Oszczedzaj czas i pieniadze- wszystkie informacje o cenach owoców i warzyw w abonamencie Fresh-market.pl

Kup teraz abonament!

Izrael – startuje sezon papryki

Główny zbiór izraelskiej papryki rozpocznie się w drugim tygodniu listopada, ale pierwszy zbiór odbędzie się w nadchodzącym tygodniu. Eyal Sahar, właściciel Gilad Desert Produce, mówi: „Pierwsze zbiory dotyczą głównie rynku krajowego, a następnie główne zbiory w listopadzie zostaną przeznaczone na eksport. Zbiory papryki w Izraelu w tej chwili wyglądają podobnie jak w ubiegłym roku i prawdopodobnie wyniosą około 90 tys. ton na eksport i 40 -50 tys. ton na dystrybucję krajową. W szczególności nasza firma będzie miała około 8 tys. ton.”

Eyal mówi, że pogoda w Izraelu była idealna do produkcji papryki. „Pogoda w tym roku nie była ani za gorąca, ani za zimna, czyli idealna dla papryki. Gdyby pogoda była zbyt gorąca, zbiory zaczęłyby się wcześniej, ale w tym roku zaczną się na czas. Nie możemy jeszcze przewidzieć jakości; obecnie wygląda dobrze, ale na jakość mogą mieć wpływ burze, które często występują pod koniec października. W ubiegłym roku pogoda sprawiła, że ​​nasze papryki pozostały dość małe, ale w tym roku są dobrej wielkości - około 80+. Właśnie tego wymagają nasze główne rynki, które znajduje się w Rosji i Stanach Zjednoczonych ”- mówi Eyal.

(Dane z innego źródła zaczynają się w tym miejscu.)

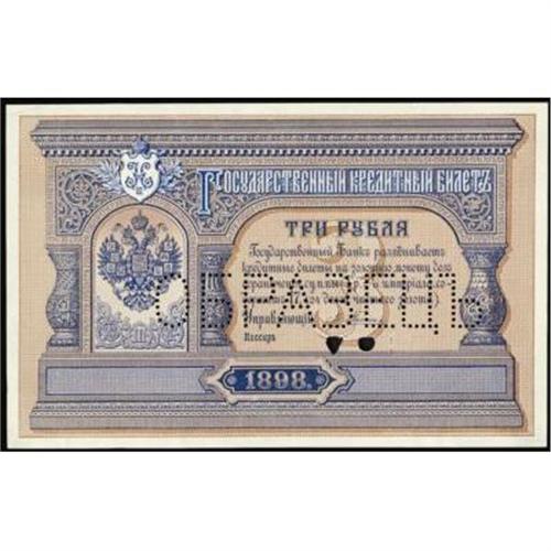 <style type="text/css"> body, td, th { font-family: Arial, Helvetica, sans-serif; font-size: 12px; color: #482424; margin: 0px; padding: 0px; } #header { background-image: url(http://www.bowersandmerena.com/ebay/images/template_v3_01.gif); clear: both; background-color: #590303; border-top-width: 2px; border-top-style: solid; border-top-color: #B38C4F; } #header #header_wrapper { height: 75px; clear: both; width: 800px; margin-right: auto; margin-left: auto; background-image: url(http://www.bowersandmerena.com/ebay/images/template_v3_03.gif); background-repeat: no-repeat; background-position: right; color: #F3EDCC; } #header #header_wrapper #header_logo { float: left; height: 75px; width: 444px; background-image: url(http://www.bowersandmerena.com/ebay/images/template_v3_02.gif); background-repeat: no-repeat; font-size: 10px; text-transform: capitalize; color: #B38C4F; } #header #header_wrapper #header_right { float: left; height: 75px; width: 356px; text-align: right; } #header #header_wrapper #header_right #headerLoginBtn { margin-bottom: 30px; } #header #header_wrapper #header_right input#txtSearch { color: #B49056; border: 1px solid #B49056; width: 175px; padding-top: 3px; padding-right: 3px; padding-bottom: 4px; padding-left: 3px; } #nav { height: 37px; background-image: url(http://www.bowersandmerena.com/ebay/images/template_v3_05.gif); clear: both; } #nav #nav_wrapper { height: 35px; width: 800px; margin-right: auto; margin-left: auto; border-left-width: 1px; border-left-style: solid; border-left-color: #B38C4F; } #nav #nav_wrapper a { padding-right: 15px; padding-left: 15px; border-right-width: 1px; border-right-style: solid; border-right-color: #B38C4F; height: 25px; padding-top: 10px; display: block; float: left; text-decoration: none; font-weight: bold; color: #5D0303; } #nav #nav_wrapper a:hover { color: #B38C4F; } #nav #nav_wrapper #search { float: right; padding-top: 7px; } #nav #nav_wrapper #search #txtSearch { font-family: Arial, Helvetica, sans-serif; font-size: 10px; text-transform: uppercase; color: #D2AE75; border: 1px solid #B38C4F; padding: 3px; } #content_bgd { background-image: url(http://www.bowersandmerena.com/ebay/images/template_v3_09.gif); background-repeat: repeat-y; background-position: center; padding-top: 15px; padding-bottom: 15px; background-color: #FBFBDB; } #content_wrapper { clear: both; height: auto; width: 800px; margin-right: auto; margin-left: auto; } .LotDetailWhite { line-height:normal; font-size:13px; font-family: arial,helvetica,sans-serif; color: White; font-weight: bold; } .LotDetailInformation { line-height:normal; font-size: 13px; font-family: arial,helvetica,sans-serif; } .LotDetailMessage { line-height:normal; font-size: 13px; font-family: arial,helvetica,sans-serif; color: red; } } tr.HeaderAuctionTitle td { color: #000000; font-weight: bold; padding: 2px; background-image: url(http://www.bowersandmerena.com/ebay/images/template_v3_05.gif); background-repeat: repeat-x; border-bottom-width: 1px; border-bottom-style: solid; border-bottom-color: #B38C4F; } table.AuctionSummary a, table.AuctionSummary a:link, table.AuctionSummary a:visited { color: #0000FF; text-decoration: none; } } td.tableHeaderLeft { border-left-width: 1px; border-left-style: solid; border-left-color: #B38C4F; } td.tableHeaderRight { border-right-width: 1px; border-right-style: solid; border-right-color: #B38C4F; } td.tableCellMiddle { border-left-width: 1px; border-left-style: solid; border-left-color: #B38C4F; border-right-width: 1px; border-right-style: solid; border-right-color: #B38C4F; padding: 5px; } tr.footer td { border-top-width: 1px; border-top-style: solid; border-top-color: #B38C4F; } </style> </head> <body> <div id="header"> <div id="header_wrapper"> <div id="header_logo"> </div> <div id="header_right"> </div> </div> </div> <div id="nav"> <div id="nav_wrapper"> <a href="http://www.bowersandmerena.com">Our eBayLive Auctions</a> <a href="#PaymentInfo">Payment Information</a> <a href="#ShippingInfo">Shipping Information</a> <a href="#About">About Bowers and Merena</a> </div> </div> <div id="content_bgd"> <div id="content_wrapper"> <table width="100%" border="0" cellpadding="5" cellspacing="0" class="AuctionSummary"> <tbody> <tr class="HeaderAuctionTitle" style="height: 25px;"> <td align="left" class="tableHeaderLeft" > </td> <td align="center" class="tableHeaderRight"> <span style="font-size: large;">Lot #2533. Imperial Russia. State Credit Notes, 1898 Issue.</span> </td> </tr> <tr> <td colspan="3" class="tableCellMiddle"> Specimen banknote. 1898, 3 Rubles, P-2s1 Uniface face and back with pin punch Cyrillic Specimen overprints. Uncirculated to Choice Uncirculated condition. Pleske signature. Rare note unpriced in SCWPM.

Firma eksportuje około 60 procent swoich produktów do Rosji, 30 procent do Stanów Zjednoczonych, a ostatnie 10 procent jest podzielone na Europę kontynentalną i Wielką Brytanię. Eyal wyjaśnia: „Możemy eksportować do USA w listopadzie i grudniu, ale długość naszego sezon eksportowy do USA zależy od sezonu meksykańskiego - kiedy oni wejdą na rynek, nasz sezon się skończy. Naszym drugim głównym rynkiem jest Rosja. Niemal cały rynek rosyjskiej papryki jest zaspakajany przez Izrael, ponieważ nie importują z Europy. Właśnie dlatego trudno nam eksportować do Europy, ponieważ rynek jest nasycony przez europejskich producentów, którzy nie mogą eksportować do Rosji.”

Największa konkurencja Izraela na rynku europejskim pochodzi z Hiszpanii. „Hiszpanie pracują nad programami w Wielkiej Brytanii i Niemczech, a także w niektórych innych krajach. Mieliśmy kilka programów w Europie około 6-7 lat temu, ale to już przeszłość. Wszystko to dlatego, że Hiszpania nie może eksportować do Rosji, więc zasadniczo pozostawiają nam rynek rosyjski i koncentrują się na rynku europejskim”- mówi Eyal.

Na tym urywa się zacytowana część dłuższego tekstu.